Coaching Application Tips

  • Write residual end-dates on your plan: For each block, calculate the competition date minus the residual duration. That is the latest this block can end. Work backward from there.
  • Never strip all power work during a taper: The 5–10 day residual for maximal speed means even a 14-day taper needs at least one sprint and one jump session in the final week.
  • Individualise using velocity data: Issurin's residual estimates are population averages. An athlete whose CMJ drops after 7 days without plyometrics has a shorter personal residual than average — adjust their plan accordingly.
  • Use velocity loss to cap in-season volume: Set a velocity loss threshold of 15–20% per set. Stop the set when that threshold is reached regardless of planned rep count.

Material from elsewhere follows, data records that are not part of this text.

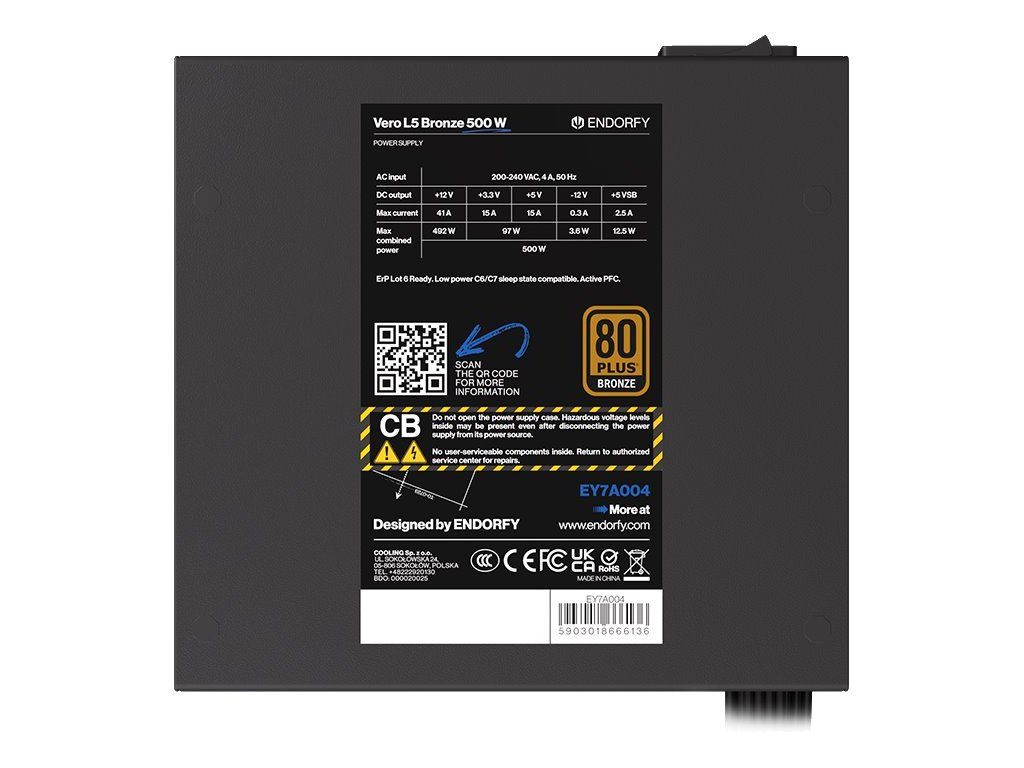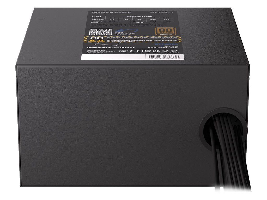 Endorfy Vero L5 Bronze 500 WNapájecí zdroj o výkonu 500 W je osazen tichým 120 mm velkým ventilátorem. Zdroj splňuje certifikaci 80 PLUS Bronze.
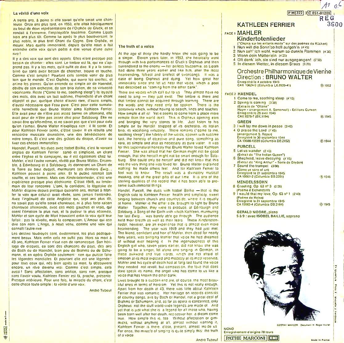 演奏者:K.フェリアー(ca)B.ワルター指揮ウィーンpo. I.ベイリー(s)G.ムーア(pf)
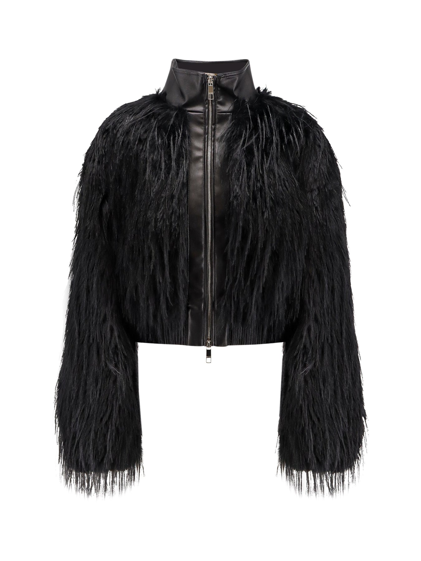 Zip closure with two-way zip All-over feather detail Ribbed elastic bottom Lined 100% polyester Lining: 100% polyester SKU: 50548357001
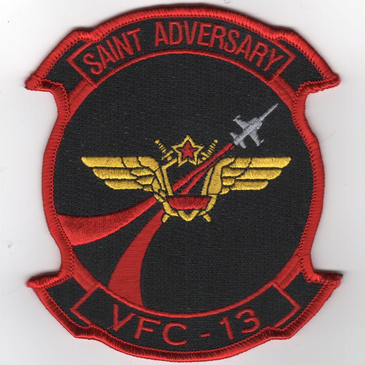 Based out of NAS Miramar, the “Saints” were the West Coast adversary ‘RED AIR’ squadron conducting air combat training for the Fleet squadrons with the A-4F and A-4M Skyhawks. This is the red/black version of their squadron patch and does NOT come with velcro attached.

This protects both quality and fatigue accumulation mid-season.
  • Communicate the "why" to athletes: Athletes who understand that skipping in-season strength sessions erodes their residuals for 2–3 weeks show better compliance than those told simply to "keep lifting."
FAQ

Frequently asked questions

01What is a training residual and why does it matter for season planning?
+
A training residual is how long a fitness adaptation persists after you stop training it directly. Issurin (2010) documented that aerobic endurance and maximal strength last 25–35 days, while maximal speed lasts only 5–10 days. Knowing these windows lets you sequence training blocks so every quality peaks on competition day rather than decaying before it.
02Which fitness quality has the shortest residual and needs the most attention in-season?
+
Maximal speed has the shortest residual at 5–10 days, followed closely by speed-strength at 10–18 days. Both require maintenance work 2–3 times per week even during the competitive season. Neglecting sprint and plyometric work for more than one week measurably reduces explosive output.
03How do I know when a residual is fading before it becomes a problem?
+
Monitor countermovement jump (CMJ) height daily. A drop of more than 5% from your rolling 7-day average is an early signal that speed-strength residuals are decaying (Claudino et al., 2017). Bar velocity at submaximal loads on your load-velocity profile is a secondary check — a velocity drop of >0.05 m/s at a fixed load indicates accumulated neural fatigue.
04Should I reduce intensity or volume during an in-season taper?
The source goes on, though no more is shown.